### Material for the task
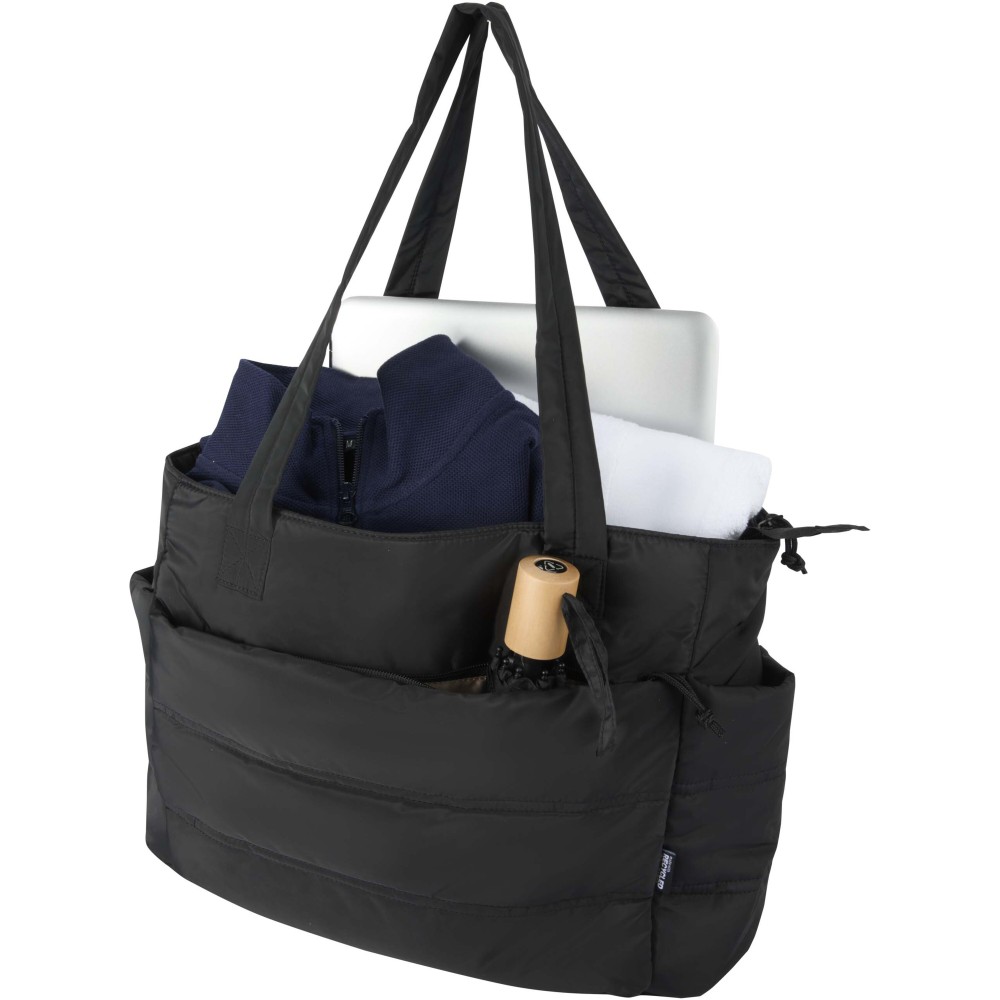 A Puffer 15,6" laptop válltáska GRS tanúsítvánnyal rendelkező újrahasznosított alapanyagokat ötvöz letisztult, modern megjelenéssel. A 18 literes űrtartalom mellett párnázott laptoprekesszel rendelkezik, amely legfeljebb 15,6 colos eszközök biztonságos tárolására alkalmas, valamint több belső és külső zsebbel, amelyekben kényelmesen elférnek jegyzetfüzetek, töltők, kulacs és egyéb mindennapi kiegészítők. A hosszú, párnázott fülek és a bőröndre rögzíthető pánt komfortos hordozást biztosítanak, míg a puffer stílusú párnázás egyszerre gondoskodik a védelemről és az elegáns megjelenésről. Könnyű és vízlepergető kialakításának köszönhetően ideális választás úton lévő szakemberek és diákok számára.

...

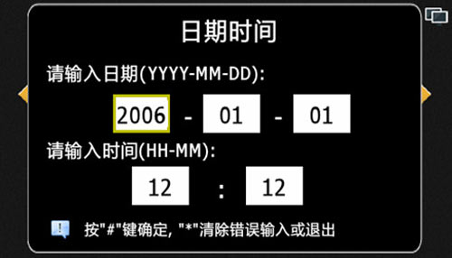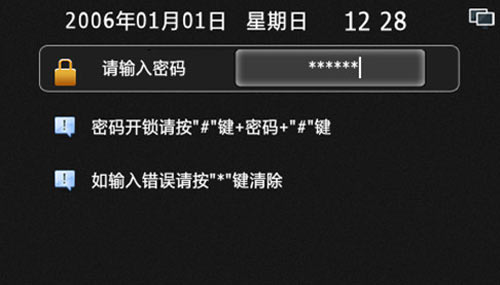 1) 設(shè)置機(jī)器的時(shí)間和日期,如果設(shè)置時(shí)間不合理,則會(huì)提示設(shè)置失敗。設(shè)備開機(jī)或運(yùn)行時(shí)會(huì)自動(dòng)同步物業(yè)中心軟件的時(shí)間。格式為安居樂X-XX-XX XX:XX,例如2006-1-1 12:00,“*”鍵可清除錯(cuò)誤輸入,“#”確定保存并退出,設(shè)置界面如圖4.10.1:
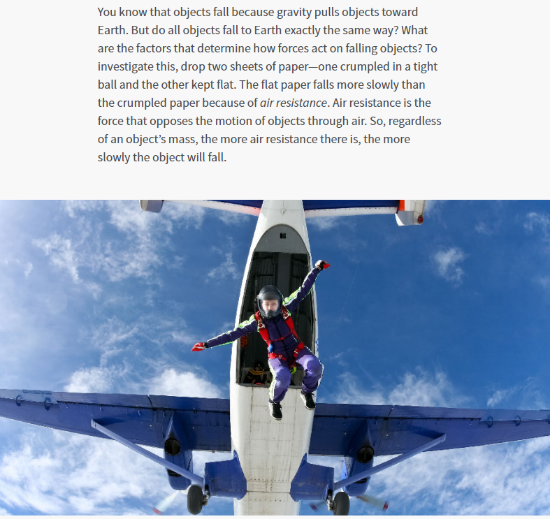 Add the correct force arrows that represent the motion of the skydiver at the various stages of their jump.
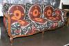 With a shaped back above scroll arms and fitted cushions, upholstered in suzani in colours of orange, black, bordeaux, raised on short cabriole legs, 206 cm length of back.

### Exercise objective
Your reply is to be an exact repeat of the listing above from the line holding "Add the correct" down to the line holding "With a shaped", ends included, pictures excluded.

### Response to the exercise
 Add the correct force arrows that represent the motion of the skydiver at the various stages of their jump.
 With a shaped back above scroll arms and fitted cushions, upholstered in suzani in colours of orange, black, bordeaux, raised on short cabriole legs, 206 cm length of back.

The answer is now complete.